Since I was in the neighborhood, I decided to walk by the former site of the Mudd Club, which now has a plaque to commemorate its place in music history. How many weekends did I walk from my apartment on East Fourth Street to that building down on White Street? Too many to remember. (At a certain point, however, even the Mudd Club wasn’t cool enough for me, so I used to bide my time at my apartment until the after-hours club Berlin—at 622 Broadway—would open.)
Walking north from White Street, I passed another landmark from my life, the former site of the Rock Lounge at 285 West Broadway, the first “new wave” club I ever went to. I was tempted to take a picture of that, as well as of the former site of Sohozat, the book and zine store that used to be on West Broadway across from the empty lot that is now the Soho Grand Hotel, but once you start going down that path, where does it stop?
I passed some newly constructed luxury buildings on West Broadway and spoke briefly to a man who was trying to attract customers to his clothing store.
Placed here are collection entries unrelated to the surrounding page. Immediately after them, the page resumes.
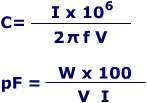 Where: | | C is capacitance in MFD I is current in amperes rms f is frequency in Hz V is volts in rms W is power in watts pF is power factor in % |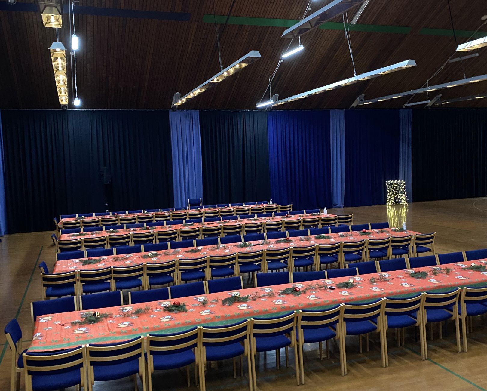Vores hal er ca. 800 m2. Der kan dækkes op til 500 gæster. Hallen kan opdeles alt efter antal personer. Når du lejer hallen, følger kantinen med. Der er adgang til toiletter samt anrettekøkken. Der er mulighed for adgang med kørestol og rollator. Parkering er udenfor døren.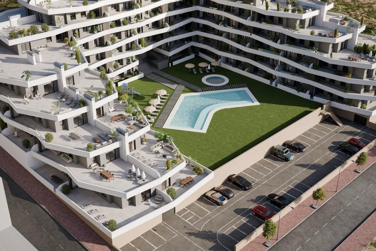 Discover Modern Living at the New Residential Development in San Miguel de Salinas Spacious Apartments with Stunning Amenities This new construction residential complex in San Miguel de Salinas offers contemporary 2- and 3-bedroom apartments with expansive terraces, thoughtfully distributed across seven floors. The gated community provides top-notch facilities, including separate swimming pools for adults and children, lush green areas, a children’s playground, and an adult wellness zone with a biosaludable circuit. Prime Location on the Costa Blanca Nestled in the charming town of San Miguel de Salinas, this development enjoys a strategic location on the Costa Blanca. It’s within walking distance of the town center, where you’ll find all the essential services for daily living, including shops, restaurants, and healthcare facilities. The property is a short drive from several points of interest: Las Colinas and Campoamor Golf Courses: Just 7 km away, perfect for golf enthusiasts. Beaches of Orihuela Costa and Torrevieja: Located approximately 10 km from the residence, offering beautiful sandy shores. Shopping Centers: Zenia Boulevard, a popular shopping destination, is only 9 km away. Alicante Airport: A convenient 50 km drive. Murcia Corvera Airport: About 55 km away, ideal for regional connections. High-Quality Specifications Each apartment is designed with modern finishes and functionality in mind: Fully equipped kitchens with induction cooktops and extractor hoods. Porcelain tile flooring throughout. Compact roller shutters for added privacy and convenience. White laminated wardrobes with overhead storage in bedrooms. Pre-installed air conditioning in the living room and bedrooms. Energy-efficient aerothermal water heaters with a 150-liter capacity. Additionally, all apartments include a designated parking space, with an optional storage room available at an additional cost. About San Miguel de Salinas San Miguel de Salinas is a picturesque municipality in the Vega Baja del Segura region, part of the vibrant Valencian Community. Situated close to the Murcia border, the town offers breathtaking views of the Torrevieja and La Mata lagoons, as well as a peaceful, family-friendly environment. Your New Home Awaits Whether you're looking for a vacation retreat or a permanent residence, this new development in San Miguel de Salinas combines luxury, convenience, and an unbeatable location. Contact us today to schedule a visit and take the first step toward owning your dream property on the Costa Blanca!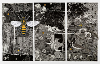 Kitchener’s 2021 linocut with collage, “Seed totem II” features three panels of miscellaneous natural imagery. Focusing on a large bee spanning the first two panels, this print is filled with images of birds, flowers, plant life and patterns that evoke waterways. This evocative work incorporates imagery from Kitchener’s surroundings, reflecting upon nature as one of her greatest creative inspirations. This print is rich in detail, prompting greater delight with every interaction with the work.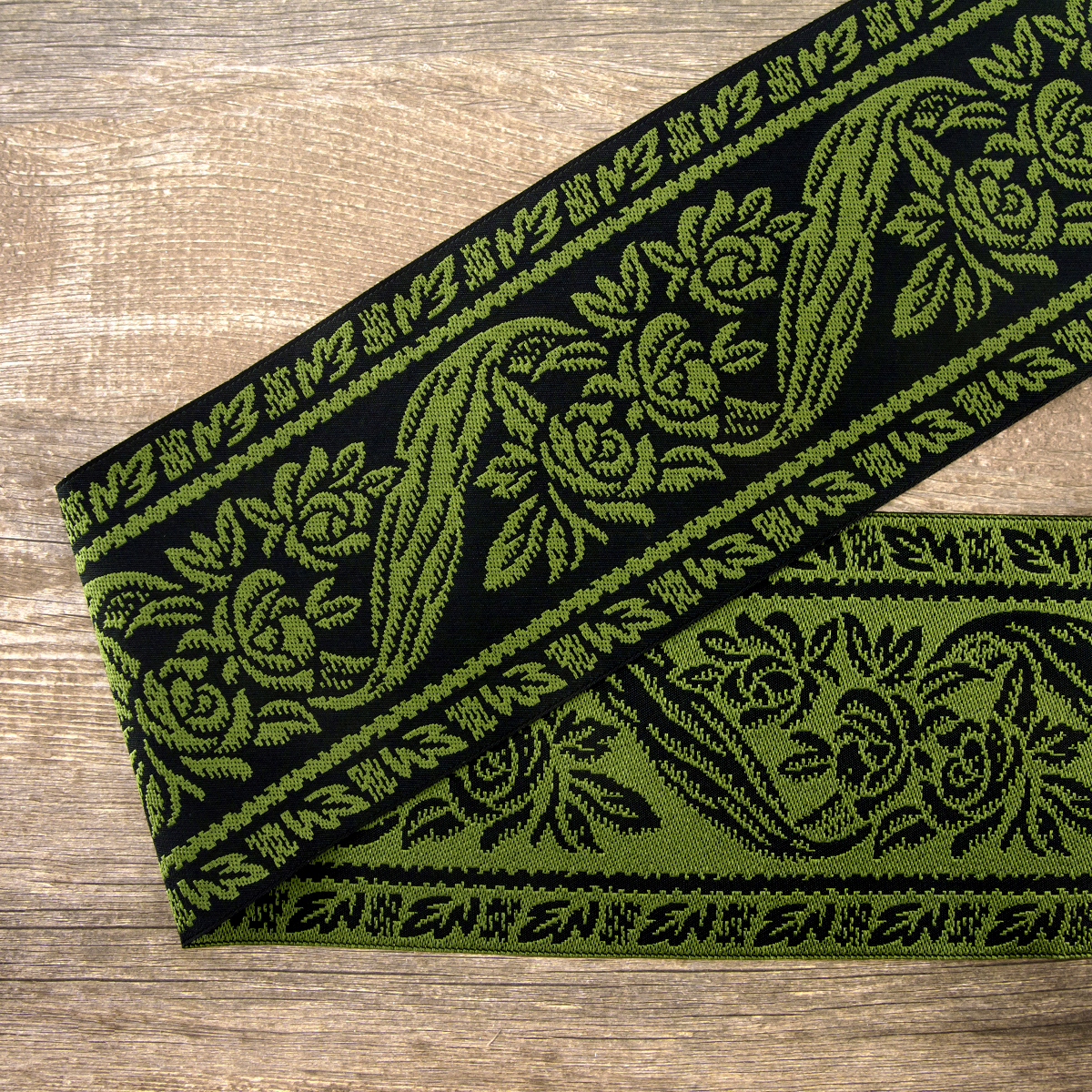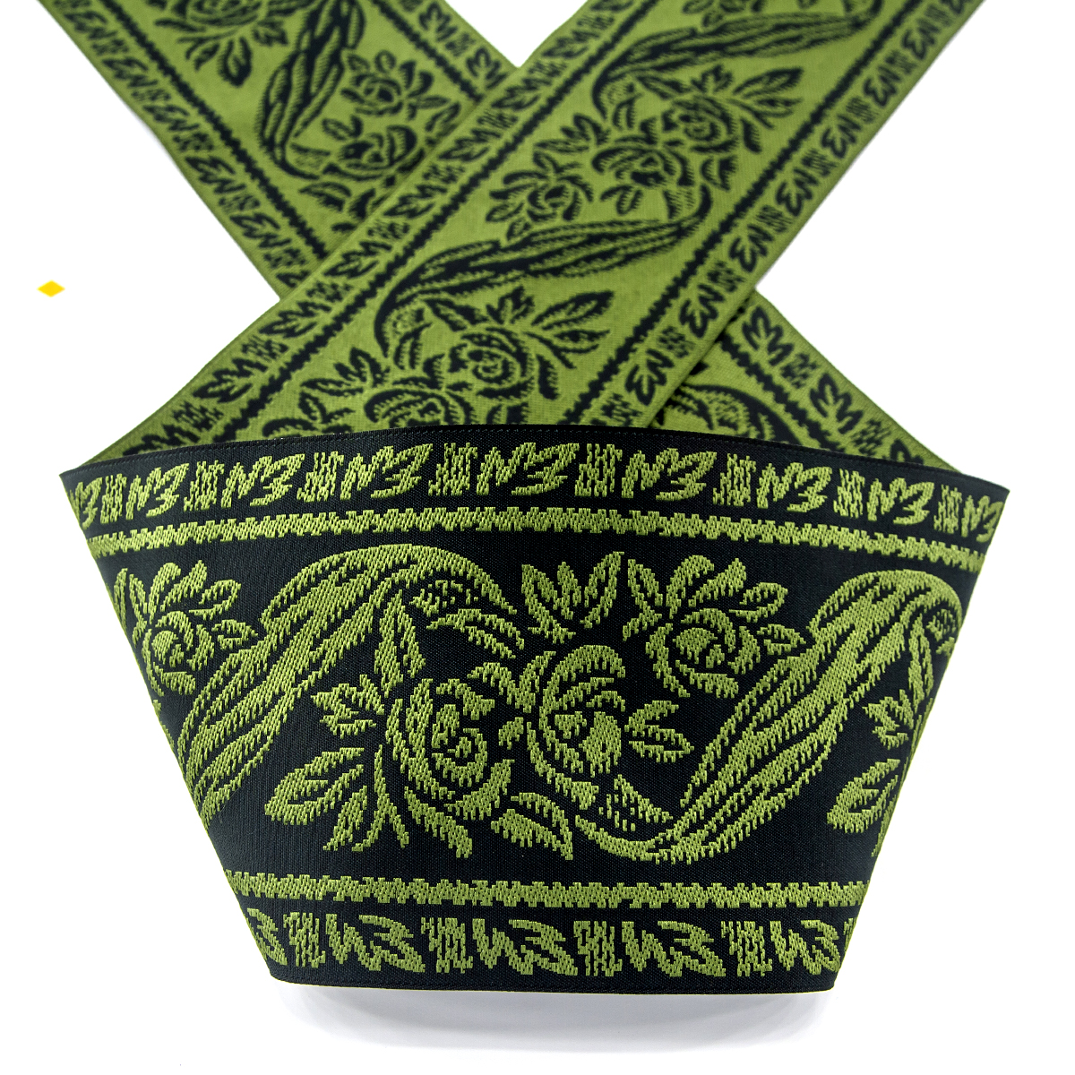 Лента жаккард прочна и долговечна, слабо растягивается, устойчива к истиранию, не линяет. Своеобразный рельефный рисунок сложного переплетения на плотной ткани напоминает гобелен. Стирка желательна при невысоких температурах (+30 °С). Крайне нежелательно отбеливать и отжимать, а также сушить под прямыми солнечными лучами. Гладить лучше с изнаночной стороны. Жаккардовые ленты широко используется для отделки штор, одежды, подушек и других творческих проектов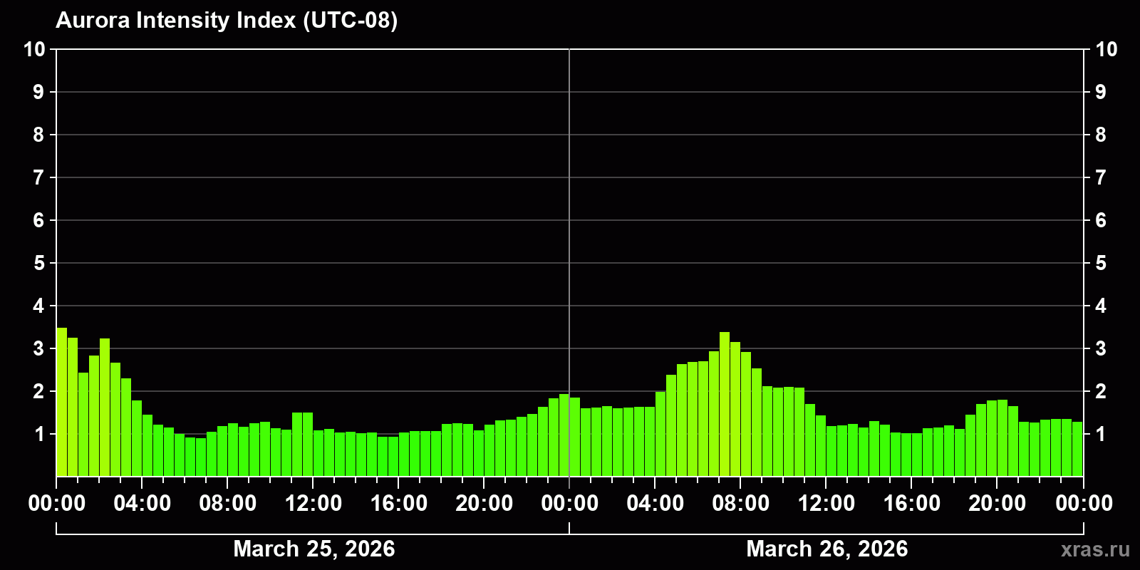 Changes in the auroral intensity index from 2026-03-25 to 2026-03-26 local time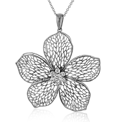 A beautiful flower is spun from the finest gold in this exquisite pendant, set with .31 ctw of diamonds at its center.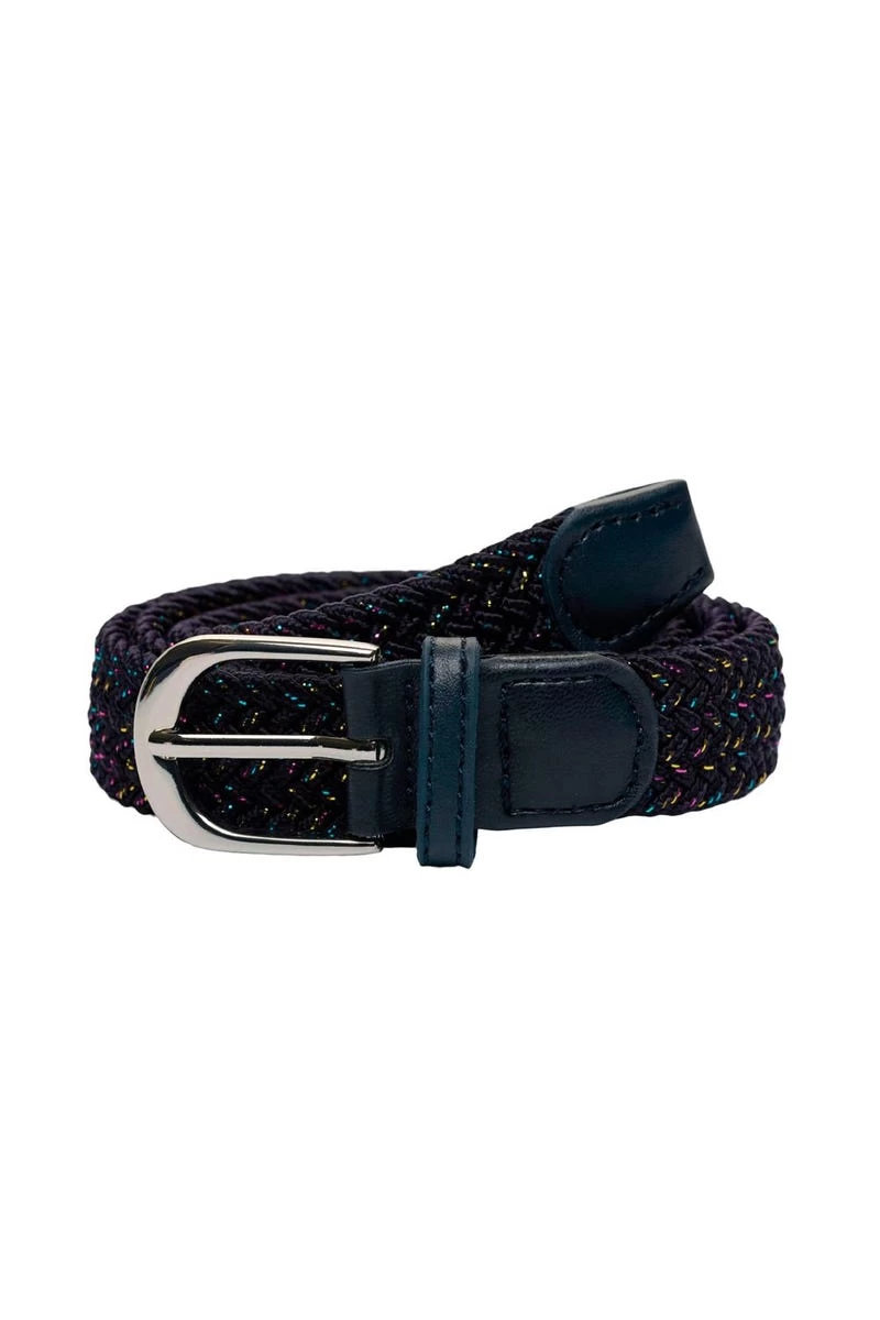 - Elastischer geflochtener Gürtel mit mehrfarbigem Glitzereffekt. PU-Enden und Metallschnalle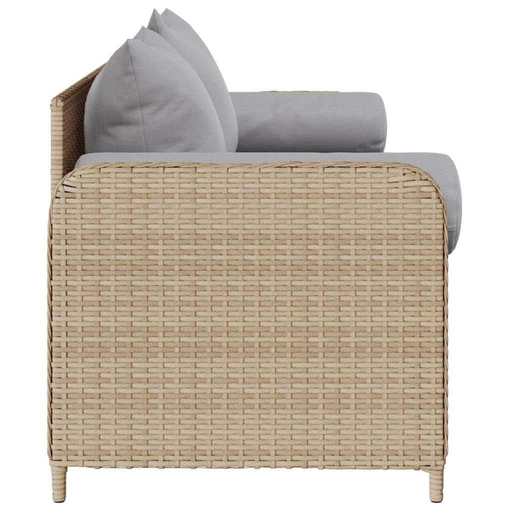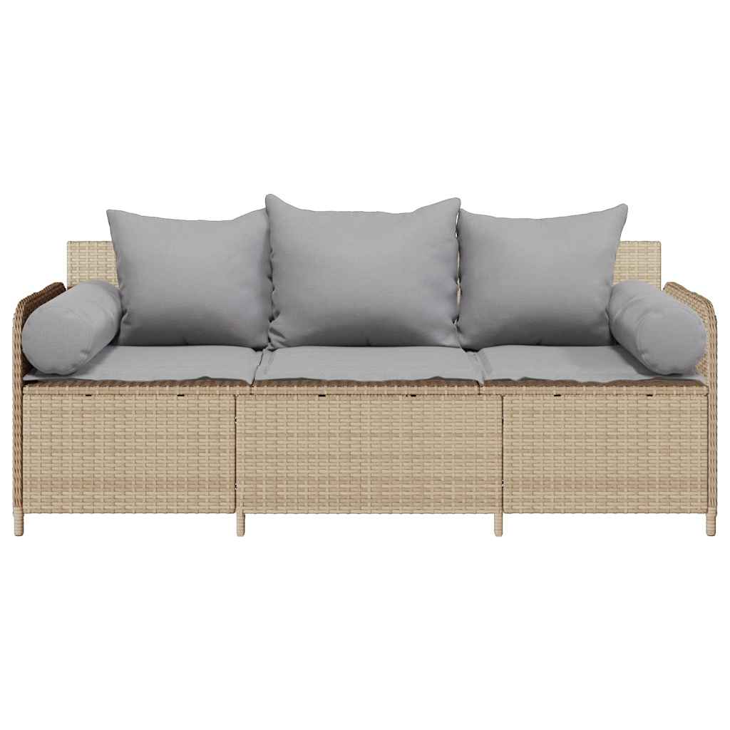 Gartensofa mit Kissen 3-Sitzer Beige Poly Rattan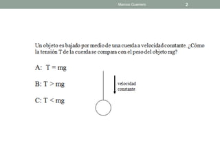 El documento repasa las leyes de Newton y la fricción. Explica el coeficiente de rozamiento estático y cinético, y cómo la fuerza de fricción depende de la fuerza normal y el coeficiente. También analiza casos donde un bloque está en reposo, a punto de deslizarse o deslizándose, y describe cómo cambia la fuerza de fricción.

I told him that I live a few blocks away, but that I hardly walk down West Broadway anymore because it’s nothing but Eurotrash. He laughed. (Who among these arrivistes would remember that the Eileen Fisher store was once a Chinese restaurant called Oh Ho So? Who can even imagine a Chinese restaurant in Soho now?)
Continuing on to the West Village, I walked down Bleecker Street between 6th and 7th Avenues. I can remember when there used to be a used clothing store near the corner of Bleecker and Leroy Streets (where I used to buy many of my clothes in the early ’80s) and Bleecker Street Records was across the street. It was like a miniature universe peopled by nothing but musicians and music fans! Where are those people now? Do people still wear metal buttons with the names of their favorite bands on their vintage overcoats? If they did, they would look ridiculous on the streets of today’s designer-dressed Manhattan.
Last night, I saw a movie called A Bigger Splash, which features a scene of Ralph Fiennes dancing wildly to the Rolling Stones song “Emotional Rescue.” It’s one of the most thrilling film moments I’ve seen in a long time, and not just because of the wild abandon with which Fiennes dances, but because I distinctly remember buying that album the first summer I lived in New York City and hearing that song brought me right back to that first carefree summer of 1980.
When I look at my life now, I’m reminded of that line from the Talking Heads song, “Once in a Lifetime”: How did I get here?
How is it that I had more fun in New York City 30 years ago when I had less money, than I’m having now?
Maybe it’s because 30 years of deficit spending has finally caught up with me at the same time that the jobs I used to have are disappearing.
Or maybe it’s because New York is just a less fun city.